- Directed by: Margaret Corkery
- Written by: Margaret Corkery
- Produced by: Seamus Byrne
- Starring: Robert Donnelly; Amy Kirwan; Darren Healy; Mary Murray;
- Cinematography: David Grennan
- Edited by: Mairéad McIvor
- Music by: Miriam Ingram Colin J. Morris
- Release dates: July 5, 2009 (Karlovy Vary); February 5, 2010 (Ireland);
- Running time: 86 mins.
- Country: Ireland
- Language: English

= Eamon (film) =

2009 Irish film

Eamon is a 2009 Irish dark comedy film, written and directed by Margaret Corkery. It stars Robert Donnelly, Amy Kirwan, Darren Healy, and Mary Murray.
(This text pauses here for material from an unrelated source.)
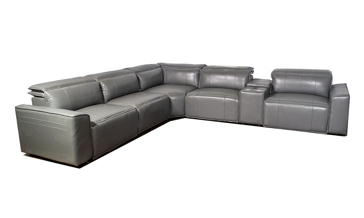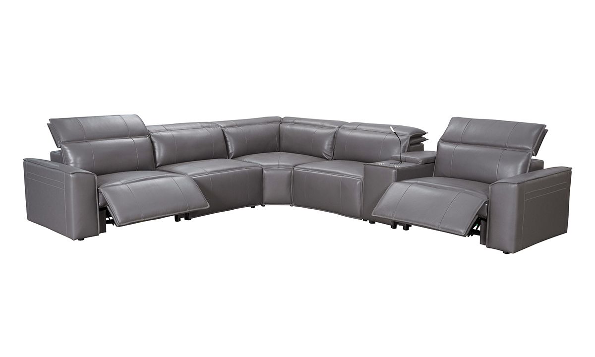 Contemporary six-piece sectional boasts two power recliners with power headrest, storage, cupholders, wireless and USB charging ports upholstered in soft gray leather.

It premiered at Karlovy Vary International Film Festival in 2009, before being released in Ireland in 2010.

==Synopsis==
A family holiday brings to a head the destructive "love triangle" between Eamon, a little boy with behavioral problems, his selfish mother Grace and his sexually frustrated father Daniel.

==Reception==
Alissa Simon of Variety praised the film, stating "An entertainingly horrific vision of the Oedipus Complex in action, this confidently stylized debut feature from writer-helmer Margaret Corkery plays like the offspring of Aki Kaurismäki and Todd Solondz." James McMahon of RTÉ rated it 3/5 stars and lauded Robert Donnelly for creating "a wonderfully creepy" character.

However, Seán Walsh of Letterboxd opined that the film has "intolerably contrived dialogue and plot progressions, only rarely funny, far too drawn out and wasteful in its use of the film's duration".